Ce parasite a un cycle de vie indirect avec la fourmi du chêne comme hôte
intermédiaire, et deux espèces de pics (Dendrocopos major
et D. minor) comme hôtes définitifs. Ce ténia
doit donc faire en sorte que la fourmi infectée soit mangée par
un pic.
Pour ce faire, les auteurs ont découvert qu’il libère des
protéines dans son hôte, qui pourraient expliquer les changements
observés, dont la coloration de la cuticule devenant plus claire et jaune,
contrairement à la couleur brune des ouvrières saines. Ces protéines
parasitaires constituent une part substantielle du protéome de l’hémolymphe
de l’hôte, le fluide qui circule dans le corps de la fourmi. Parmi
ces protéines, la thioredoxine peroxydase et le superoxyde dismutase,
deux antioxydants, étaient les plus abondants.
Une grande partie des protéines sécrétées n’a
pas pu être annotée, ce qui indique qu’elles sont soit nouvelles,
soit ont été majoritairement modifiées lors de la coévolution
récente pour fonctionner dans la manipulation de l’hôte.
Les chercheurs ont également détecté des changements dans
le protéome de l’hôte avec l’infection, en particulier
une surabondance de vitellogenine-like-A chez les fourmis infectées.
Cette protéine régule la division du travail chez les fourmis,
ce qui pourrait expliquer les changements de comportement observés. En
effet, les individus porteurs du parasite ne sortent pas pour se nourrir, mais
restent dans le nid, où des ouvrières non infectées s’occupent
d’elles.
D’après les auteurs, le parasite utilise deux stratégies
différentes pour manipuler son hôte. La première est la
sécrétion de protéines ayant une influence immédiate
sur le phénotype de l’hôte. La seconde est l’altération
de l’activité de traduction de l’hôte, c’est-à-dire
la manière dont l’hôte produit ses propres protéines.

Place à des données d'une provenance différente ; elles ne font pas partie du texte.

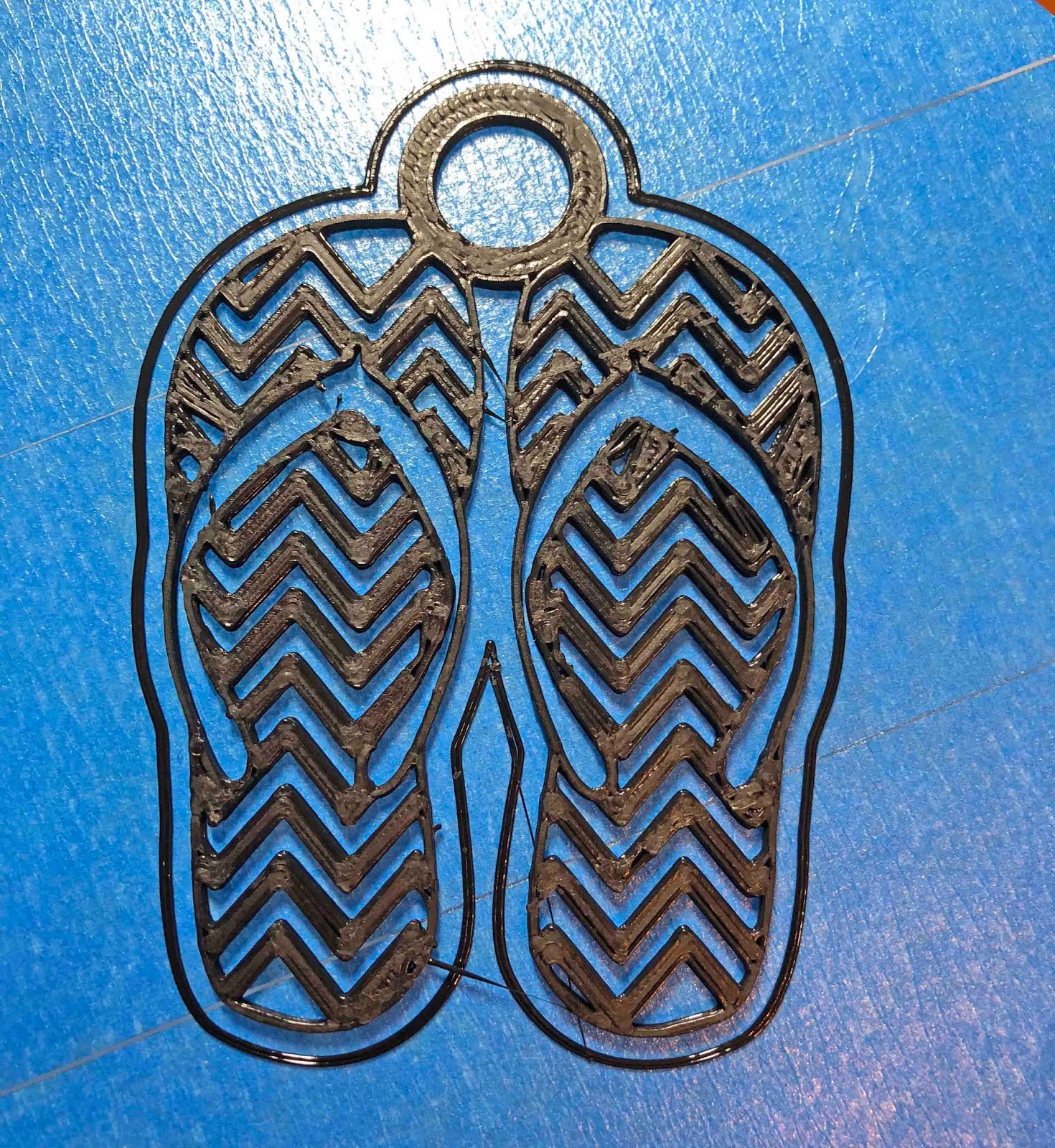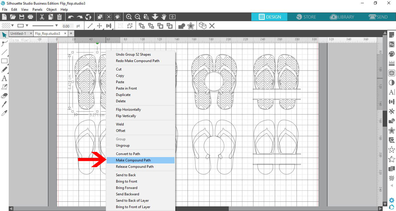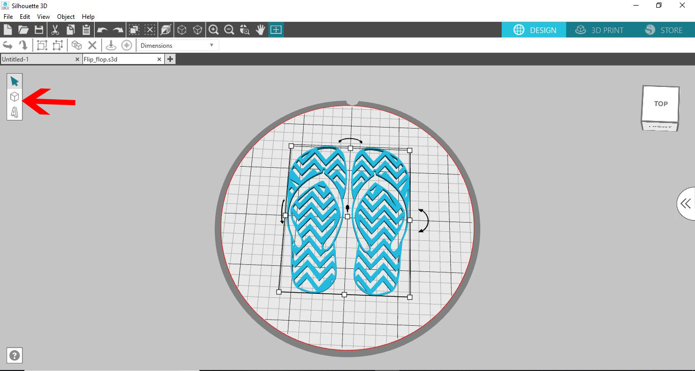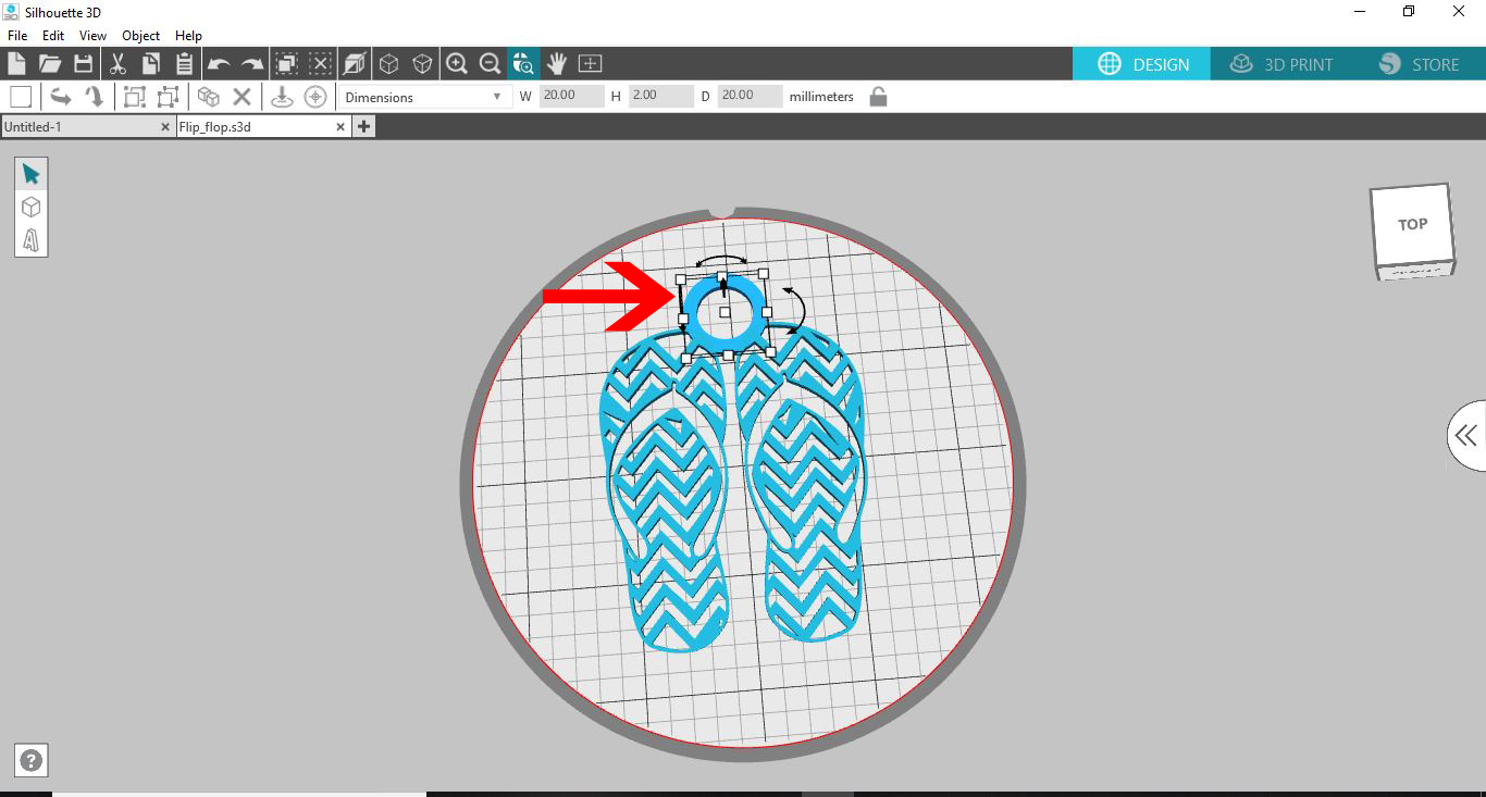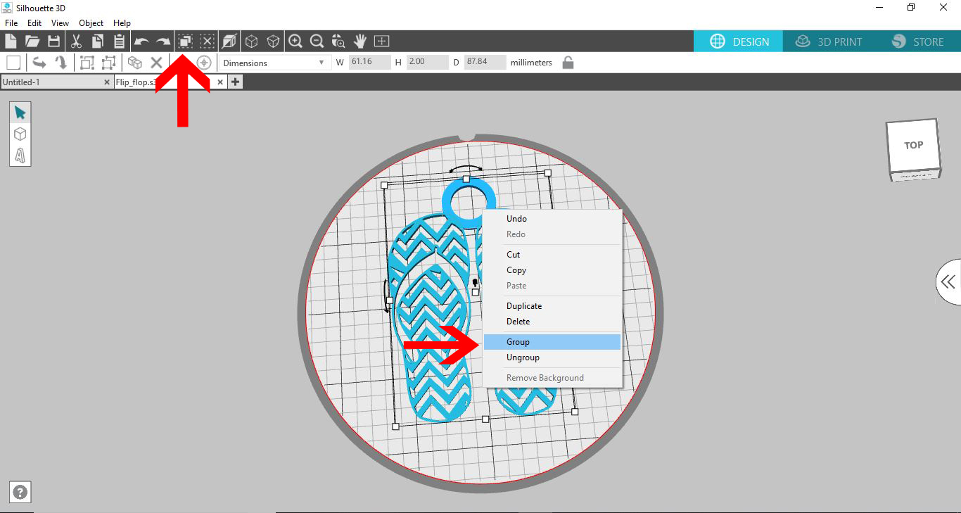 13- If you want ot add to your imported design you can add and group it. I have added a tube to join the 2 flip flops and at the same time create a loop to create this design to a keyring.

Associées au changement de comportement, c’est-à-dire au
fait que les fourmis ne travaillent plus pour la colonie, la fourmi triple son
espérance de vie et cela profite évidemment au parasite, car même
s’il faut plusieurs années avant qu’un pic ne découvre
un nid de fourmis infecté, certaines fourmis portent toujours le parasite
et finissent par infecter le pic une fois lui avoir servi de repas, complétant
ainsi le cycle de vie.
Il faut savoir que les interactions hôte-parasite sont un moteur majeur
de l’évolution. Étudier ces relations peut aider à
comprendre comment les espèces évoluent et s’adaptent. Dans
ses travaux, l’équipe de recherche met en lumière l’interaction
moléculaire complexe nécessaire pour influencer le phénotype
d’un hôte et éclaire les voies de signalisation potentielles
ainsi que les gènes impliqués dans la communication hôte-parasite.
Étant donné que de nombreuses maladies humaines et animales sont
causées par des parasites, comprendre comment ils manipulent leurs hôtes
permettrait de développer de meilleures stratégies pour prévenir
et traiter ces maladies. Cela pourrait également protéger des
espèces menacées des effets dévastateurs de ce parasitisme.
Néanmoins, comme le concluent les auteurs, il reste à déterminer
quels sont les mécanismes précis par lesquels les protéines
sécrétées par le parasite influencent le phénotype
de l’hôte, ainsi que les effets à long terme de ces manipulations
sur la santé et la survie de l’hôte.